# WORK INSTRUCTION
From the material below, set down exactly the lines that run from the one containing "Crossbody Bags Men" to the one containing "曲折的小橋?qū)@中的水", minus the pictures.

# EXERCISE MATERIAL

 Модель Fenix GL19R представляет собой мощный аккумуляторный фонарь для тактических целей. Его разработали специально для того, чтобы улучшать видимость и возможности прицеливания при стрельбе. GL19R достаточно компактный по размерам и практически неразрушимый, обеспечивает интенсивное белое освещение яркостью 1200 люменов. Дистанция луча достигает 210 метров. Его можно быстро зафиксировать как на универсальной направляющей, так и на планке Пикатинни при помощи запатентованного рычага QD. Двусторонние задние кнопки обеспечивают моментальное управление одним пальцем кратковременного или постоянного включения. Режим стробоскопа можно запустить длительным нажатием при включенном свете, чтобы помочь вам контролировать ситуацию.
==
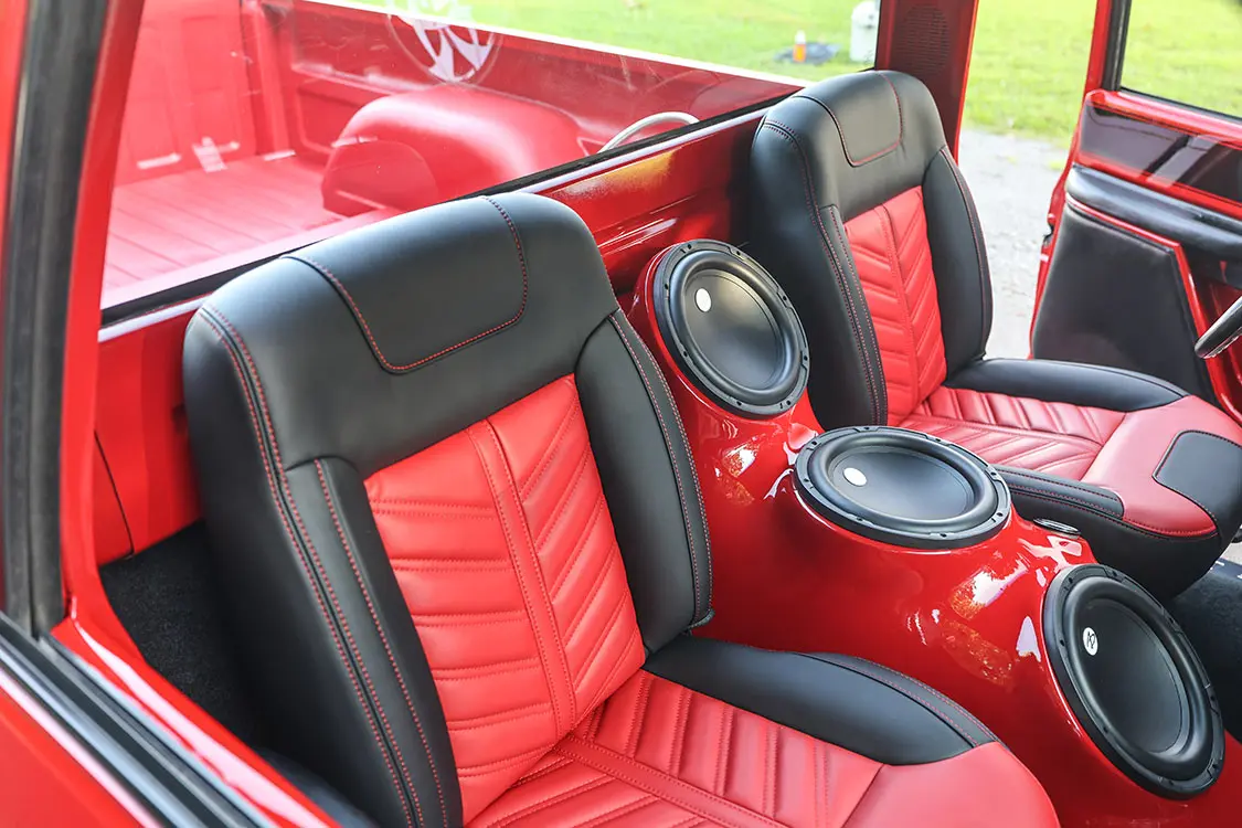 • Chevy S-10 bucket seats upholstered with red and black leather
--
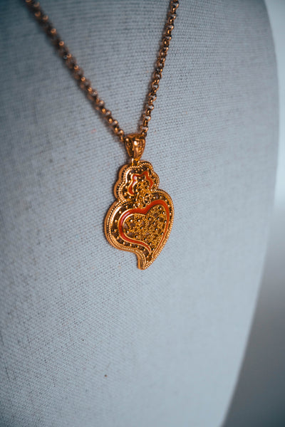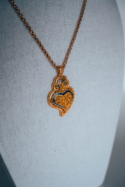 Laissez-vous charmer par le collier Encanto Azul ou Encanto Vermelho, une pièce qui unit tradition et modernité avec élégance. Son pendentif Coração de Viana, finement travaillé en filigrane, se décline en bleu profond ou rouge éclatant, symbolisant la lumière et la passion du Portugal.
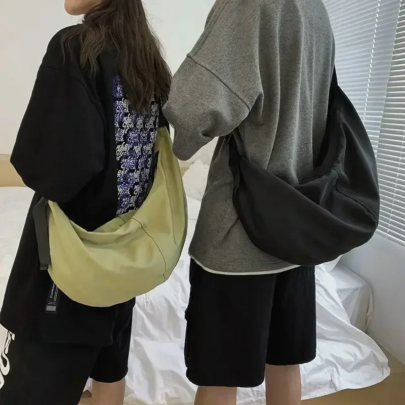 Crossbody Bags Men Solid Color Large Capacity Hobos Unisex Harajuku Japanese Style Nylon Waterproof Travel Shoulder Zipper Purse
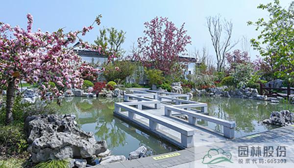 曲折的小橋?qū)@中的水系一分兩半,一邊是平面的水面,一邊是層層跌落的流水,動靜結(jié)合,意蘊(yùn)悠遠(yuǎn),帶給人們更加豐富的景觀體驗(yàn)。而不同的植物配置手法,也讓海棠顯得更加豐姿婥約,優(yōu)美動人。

# WRITTEN REPLY
 Crossbody Bags Men Solid Color Large Capacity Hobos Unisex Harajuku Japanese Style Nylon Waterproof Travel Shoulder Zipper Purse
 曲折的小橋?qū)@中的水系一分兩半,一邊是平面的水面,一邊是層層跌落的流水,動靜結(jié)合,意蘊(yùn)悠遠(yuǎn),帶給人們更加豐富的景觀體驗(yàn)。而不同的植物配置手法,也讓海棠顯得更加豐姿婥約,優(yōu)美動人。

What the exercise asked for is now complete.